Trained immunity-promoting nanobiologics suppress tumor growth and potentiate checkpoint blockade immunotherapy

We developed a nanobiologic platform that is designed to induce trained immunity. Through extensive in vitro screening, involving stability measurements and training assays on human and murine monocytes, as well as in vivo mouse biodistribution experiments, a bone marrow-avid nanobiologic lead candidate, named MTP10-HDL, was identified. MTP10-HDL's potent anti-tumor capabilities were established in a dose response study. We found that these anti-tumor effects are the result of trained immunity-induced myelopoiesis, caused by the activation of hematopoietic stem cells and multipotent progenitors in the bone marrow. Moreover, we established that MTP10-HDL treatment overcomes the immunosuppressive tumor microenvironment (TME) by reducing the number of myeloid-derived suppressor cells and tumor associated macrophages. The immunologically rebalanced TME potentiated concurrent checkpoint blockade therapy, resulting in augmented anti-tumor efficacy. In conclusion, we show that rationally designed nanobiologics can promote trained immunity and elicit a durable anti-tumor response, as a monotherapy or in combination with checkpoint blockade. We examined MTP10-HDL's effect on hematopoiesis to elucidate the mechanism underlying its anti-tumor effect in C57BL/6 mice without tumors.
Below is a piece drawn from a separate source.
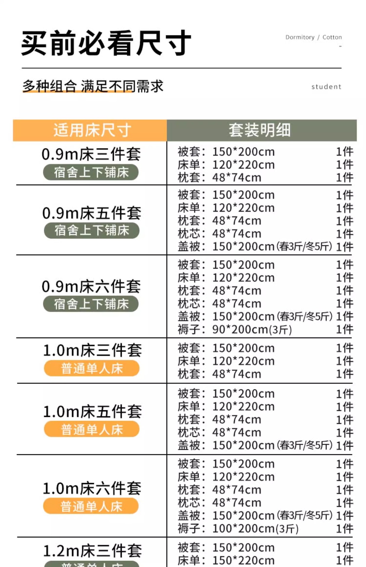 | Especificaciones de tamaño | Sábanas de cama de 0,9 m con tres piezas (colcha de colcha + sábanas + funda de almohada), cama de 0,9 m cama de tres piezas (colcha de colcha + cama + funda de almohada), sábanas de 1.2m cama con tres piezas (colcha de cama + sábanas + funda de almohada), sábanas de cama de 0,9 m con cuatro piezas [colcha de cama + sábanas + funda de almohada + núcleo de almohada], sábanas de cama de 0,9 m con cinco piezas de primavera y otoño [conjunto de tres piezas + núcleo de almohada + 3 <unk> edredón], sábanas de cama de 0,9 m con cinco piezas de otoño y invierno [conjunto de tres piezas + núcleo de almohada + 5 <unk> edredón], sábanas de cama de 0,9 m con seis piezas de primavera y otoño [conjunto de tres piezas + núcleo de almohada + 3 <unk> edredón + 3 <unk> colchón] para enviar paquetes de almacenamiento, Sábanas de 0,9 m cama otoño y invierno seis piezas [conjunto de tres piezas + núcleo de almohada + edredón de 5 <unk> + colchón de 3 <unk>] para enviar bolsa de almacenamiento, cama de 0,9 m cama primavera y otoño seis piezas [conjunto de tres piezas + núcleo de almohada + edredón de 3 <unk> + colchón de 3 <unk>] para enviar bolsa de almacenamiento, cama de 0,9 m cama otoño y invierno seis piezas [conjunto de tres piezas + núcleo de almohada + edredón de 5 <unk> + colchón de 3 <unk>] para enviar bolsa de almacenamiento. |
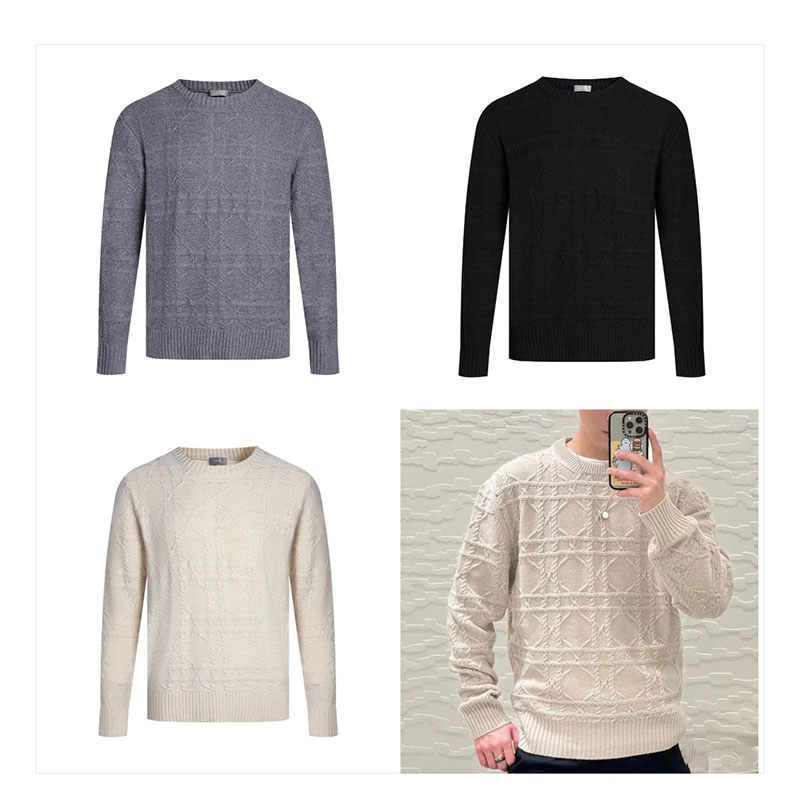 - 디올 브랜드의 스웨터 니트로, 아이코닉 까나쥬 패턴이 특징입니다.

We performed RNA sequencing (RNA-seq) to investigate HSC activation. Bone marrow from treated and untreated mice was harvested and the HSCs were isolated by flow sorting. Overall design: RNA-Seq: HSCs and MPPs of 4 mice were pooled to 1 sample for RNA isolation. 7 PBS samples were compared with 6 MTP10-HDL samples for HSC, 2 PBS samples were compared with 3 MTP10-HDL samples for MPP. ATAC-Seq: HSCs and MPPs of 6 mice were pooled to 1 sample for ATAC-Seq library creation. 3 PBS samples were compared with 3 MTP10-HDL samples for both HSC and MPP.